WellUrban

Personal reflections on urbanism, urban life and sustainable urban design in Wellington, New Zealand.

Tuesday, November 22, 2005

High life


In a comment on last week's post about the Croxley Mills apartments, David asked why there isn't more high-density housing in New Zealand, even compared to his home town of Darwin:
Do Kiwis just not want to live in city centers, or do they not want to live in high rise blocks, or is there some regulatory intervention happening to make it hard to develop and live in big apartment buildings?
I think that there's no single answer, and also that the situation is changing, especially in Wellington. Regulation may have been an issue a few decades ago, but it doesn't seem to be the case now. It seems to me that if anything, the Wellington City Council has been more than happy to grant consents to buildings that are over the District Plan limits (and if anyone reading this has experience in designing or developing high rises in Wellington and disagrees, I'd be interested to hear otherwise).

Wellington did go through a spate of residential high-rise construction after WWII, leaving a mixed legacy in terms of architectural quality and urban design, but in general there was little in the way of "inner city apartment living" until the late 80s. We still have no really tall residential towers (like the 33-storey block planned for Darwin): of our 50 tallest buildings, only a handful are residential.

So why is that? I think the answer includes geographic, economic, historical and cultural factors. Though Wellington's topography has tended to make it the exception, New Zealand's cities have been surrounded by ample cheap land, so why go to the expense of building up? Unlike Europe or the American East, most of New Zealand's urbanisation has occurred after the advent of the car: with apologies to Oscar Wilde, one could say that New Zealand went from rurality to suburbia without urbanity in between. And culturally, most New Zealanders are descended from ancestors who either lived in kainga or emigrated from Europe, often specifically to escape high-density city life. The "quarter-acre pavlova paradise" is part of Pakeha mythology.

But much of this is changing. Cheap land is no longer the norm, and cheap oil may be over for good. Our cities have been around long enough now to have their own cultures and economies, rather than being rural service centres, and CBDs now have more entertainment than in the post-war generation (why bother living close to town in the days of six o'clock closing?). Our cultural makeup is changing, too, and most NZ apartments are palatial by Hong Kong standards, so perhaps some of the new immigrants can teach us something about compact living.
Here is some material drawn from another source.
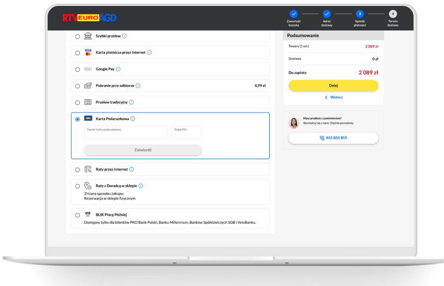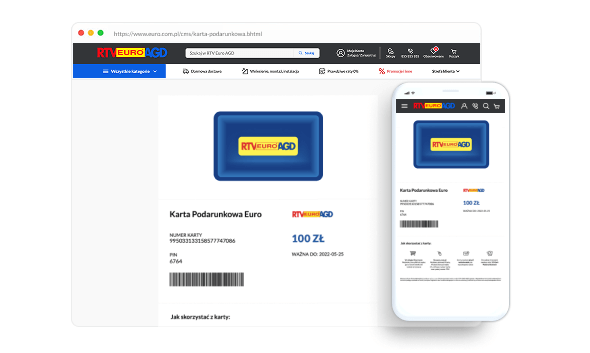 W przypadku zakupu karty na stronie internetowej euro.com.pl/kartapodarunkowa,

But I believe our main challenge in the move to higher-density cities is not a dearth of high rises, but a lack of medium-rise (3-6 storey), medium density housing on the city fringes. With the exception of parts of Mt Victoria, The Terrace and Thorndon, Wellington (like most NZ cities) has tended to go straight from CBD to suburbia. We haven't had extensive areas of recognisably urban residential districts, like London's Georgian terraces or New York's brownstones. Attractive, well-designed neighbourhoods at that sort of density are crucial if we're to encourage families (not just young singles and empty-nesters) to live close to the city. The only other living thing that I want in my apartment is cheese, but most people will still want to be close to plants, pets and children, and that's difficult on the 30th storey.

Unfortunately, there's a limit to how much we can increase the density of our inner suburbs without compromising their historic character. Some of the objectors to infill may just be Nimby's worried about diluting their property values, but some of the developers' efforts make no pretense about being about anything other than quick, cheap profit. So if we're to fight urban sprawl, Wellington might need more high-rise apartments in the CBD and Te Aro. And in case you think that I'm a fan of skyscrapers, have a look at these guys!

2 Comments:

At 9:19 am, November 23, 2005, Anonymous Todd said...

Hi Tom,

I'm the skyscraper guy your talking about, lol. Well i'm not as big a skyscraper nut as some on that forum, I try and balance my environmental side with my love of the (tall)urban.
I love your blog by the way, great to read someone who has similar thoguhts to me! A rarity indeed. As a town planning student your comments are indeed refreshing.

Cheers.

 
At 7:18 pm, November 24, 2005, Blogger David said...

Thanks for the comprehensive reply, Tom. But my home town is Wellington, I just live in Australia.

There is a reasonable population living in the CBD here these days, and it is growing. Even the military help out, with a couple of 10-ish story blocks across the road from me. The question now with the 33 floor block is whether this is going to turn us in to the Gold Coast. I object to Surfers, but mainly because the high rises are strung out along the beach, cast shadow across the beach by mid afternoon, and because of the tacky tourist nature of the place. If we can have a high rise skyline concentrated on our CBD, which sits on a rocky bit of land jutting out in to the harbour but without beaches, then I'm in favour.

I'd be in favour in Wellington, as well, and can't for the life of me see why the rail yards take up a couple of sq km of land when you could cover it with apartment blocks with absolutely brilliant views. All without disturbing anything even remotely heritage related.